------ The data

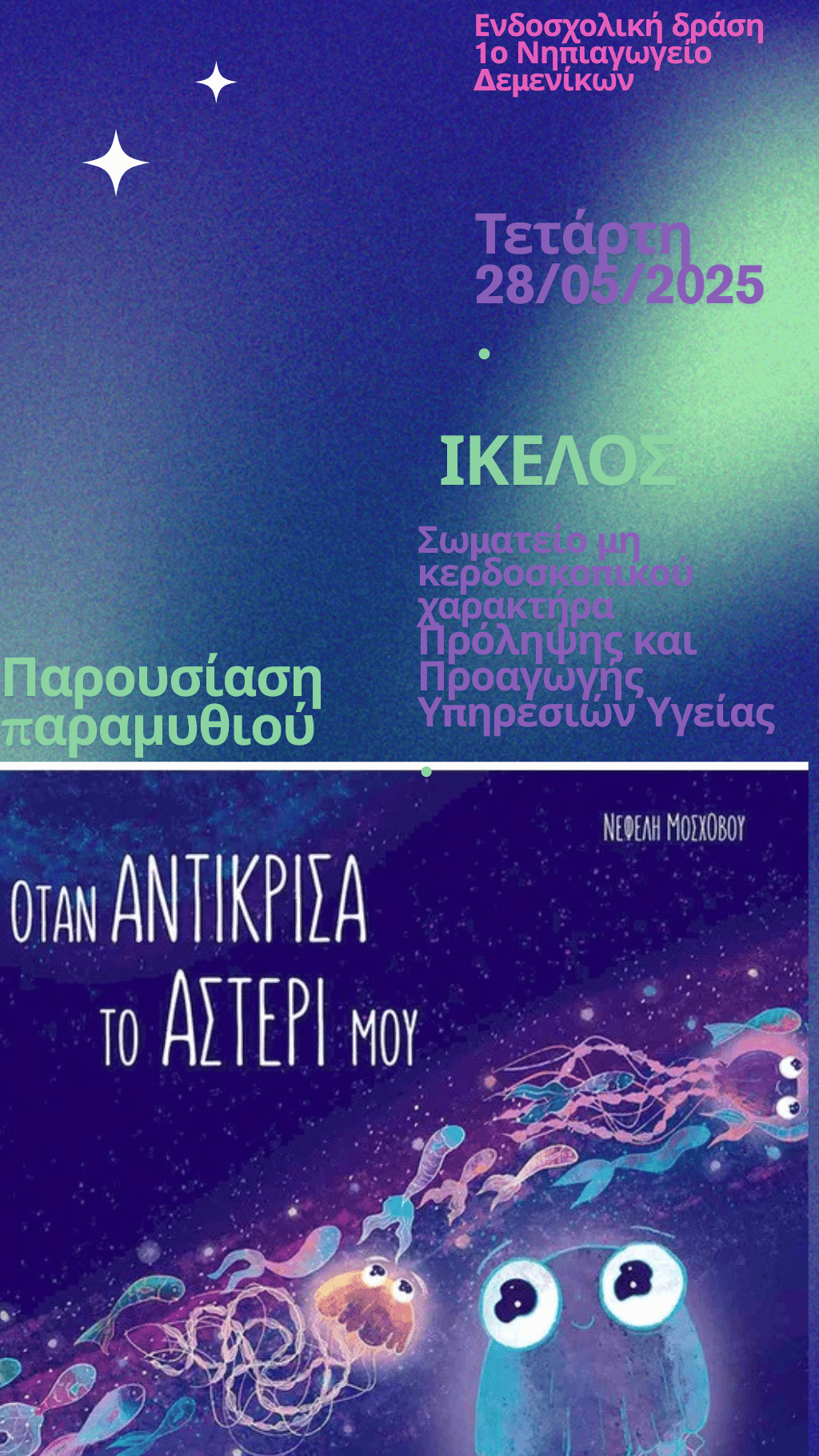 Στις 16-05-2025, ημέρα Παρασκευή, υλοποιήθηκε ενδοσχολική δράση με την επιστημονική ομάδα του Καραμανδάνειου Νοσοκομείου Πατρών, στο χώρο του Νηπιαγωγείου.
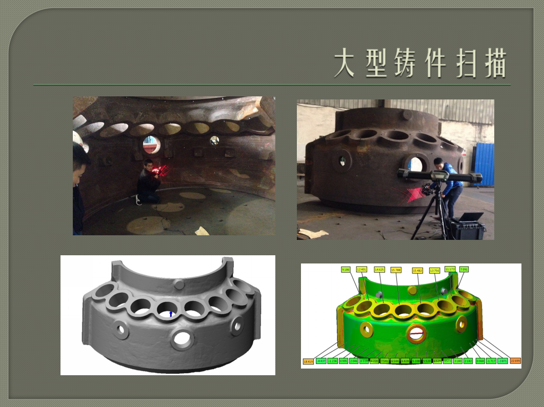 比如我们一位铸造客户的问题,他们生产的都是大型铸件。由于扫描仪量程限制、现场环境差、工件翻面数据拼接困难等因素导致这种大型工件的检测任务困难重重。而三维扫描的优势就出来了
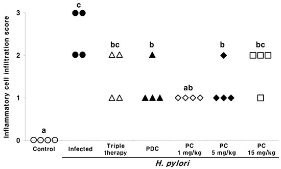 Effect of 3-pentylcatechol (PC) treatment on the histology of gastric tissue from H. pylori-infected mice (hematoxylin and eosin staining). Inflammatory cell infiltration was graded from 0 to 3: 0, normal; 1, mild; 2, moderate; 3, marked. ○, inflammatory cell infiltration score of control group; ●, inflammatory cell infiltration score of H. pylori-infected group; Δ, inflammatory cell infiltration score of H. pylori + triple therapy-treated group; ▲, inflammatory cell infiltration score of H. pylori + 3-pentadecylcatechol (PDC)-treated group; ◊, inflammatory cell infiltration score of H. pylori + 1 mg/kg of PC-treated group; ♦, inflammatory cell infiltration score of H. pylori + 5 mg/kg of PC-treated group; □, inflammatory cell infiltration score of H. pylori + 15 mg/kg of PC-treated group. Different letters (a, b, and c) indicate a significant difference (p < 0.05), ascertained via the Tukey–Kramer test.
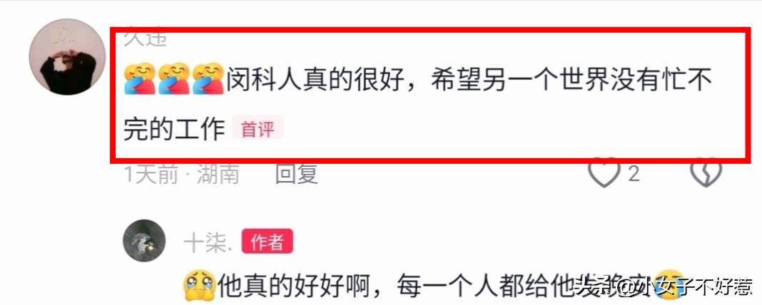 他发布这个作品后,闵宁锋的学生纷纷评论,有的说明明周五还要说评高级教师的,言语之间全是对闵宁锋去世的消息感到意外和悲痛,也有的说,闵科真的是个好老师,前几天还在台上给学生发言,前几天还在跟这位学生面对面说话,闵宁锋老师的突然去世让学生们一时间无法接受,闵科一路走好的评论带着不舍和哭泣,校长并没有说什么,只打了几个双手合十祈祷的表情,更加确定了,校长的四句话是悼念闵宁锋老师的!
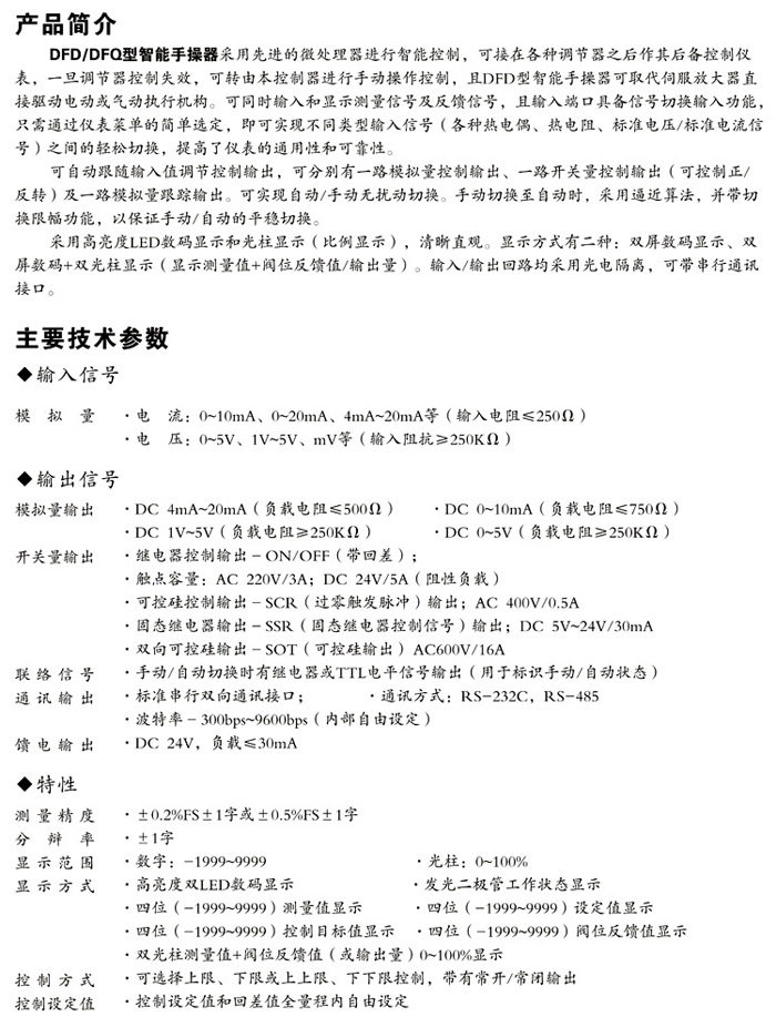 XWP-ND735系列智能DFD/DFQ型手操器
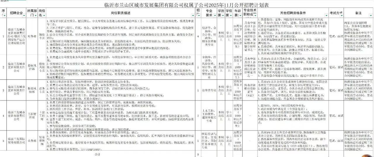 兰山城发集团子公司招聘公告 报名时间:2025年11月18-11月24 有符合条件的可以多关注。
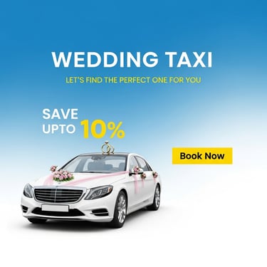 Wedding Taxi Service offers stylish, comfortable, and reliable transportation for your special day. From picking up guests to bride and groom entry, we ensure every ride is elegant and on time. Our fleet includes clean, decorated cars driven by courteous and professional chauffeurs. With flexible packages, easy booking, and 24/7 support, we make wedding travel smooth, safe, and memorable. Choose our Wedding Taxi Service to add comfort, class, and convenience to your celebrations!
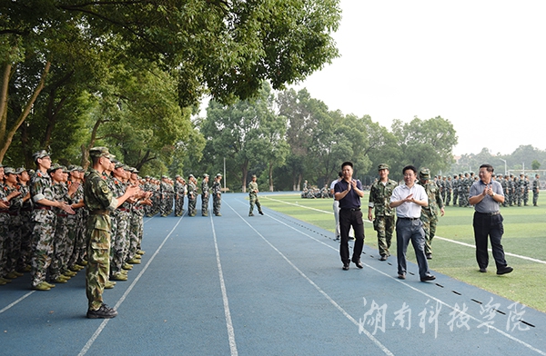 本网讯一抹抹跃动的军绿色为秋日的校园增添勃勃生机与活力,嘹亮有力的口号声训练场上空不断回荡。9月20日下午,校长曾宝成、副校长程智开一行前往学校各个训练场地看望慰问全体军训教官和参训的2016级新生。
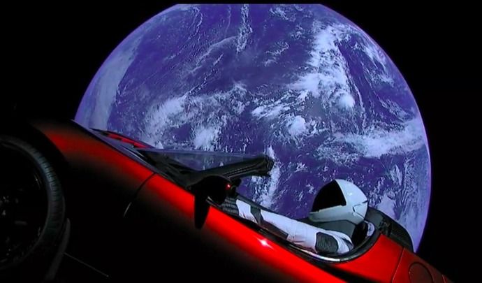 Instead Elon Musk the founder of Spacex, decided to send his electric car, a red Tesla roaster with an astronaut dummy behind the wheel.
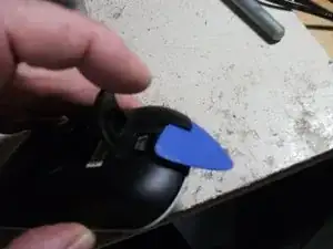 Начните поднимать за счетной задней крышки, вставив пластиковую лопатку для гитары/открывалку для телефона между корпусом и крышкой, начиная с области зарядного порта. Проведите ею по всей крышке, пока она не отделится. Вы будете слышать щелчки, это нормально — открываются небольшие замковые защёлки.
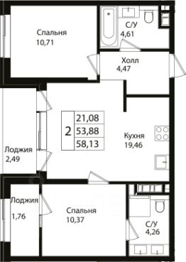 1 лоджия, 1 балкон

------------

*Exercise:* What is needed is an exact copy of the lines above from the one with "本网讯一抹抹跃动的军绿色为秋" to the one with "Instead Elon Musk", both ends kept, and nothing more; please leave the pictures out.

*Task result:*
 本网讯一抹抹跃动的军绿色为秋日的校园增添勃勃生机与活力,嘹亮有力的口号声训练场上空不断回荡。9月20日下午,校长曾宝成、副校长程智开一行前往学校各个训练场地看望慰问全体军训教官和参训的2016级新生。
 Instead Elon Musk the founder of Spacex, decided to send his electric car, a red Tesla roaster with an astronaut dummy behind the wheel.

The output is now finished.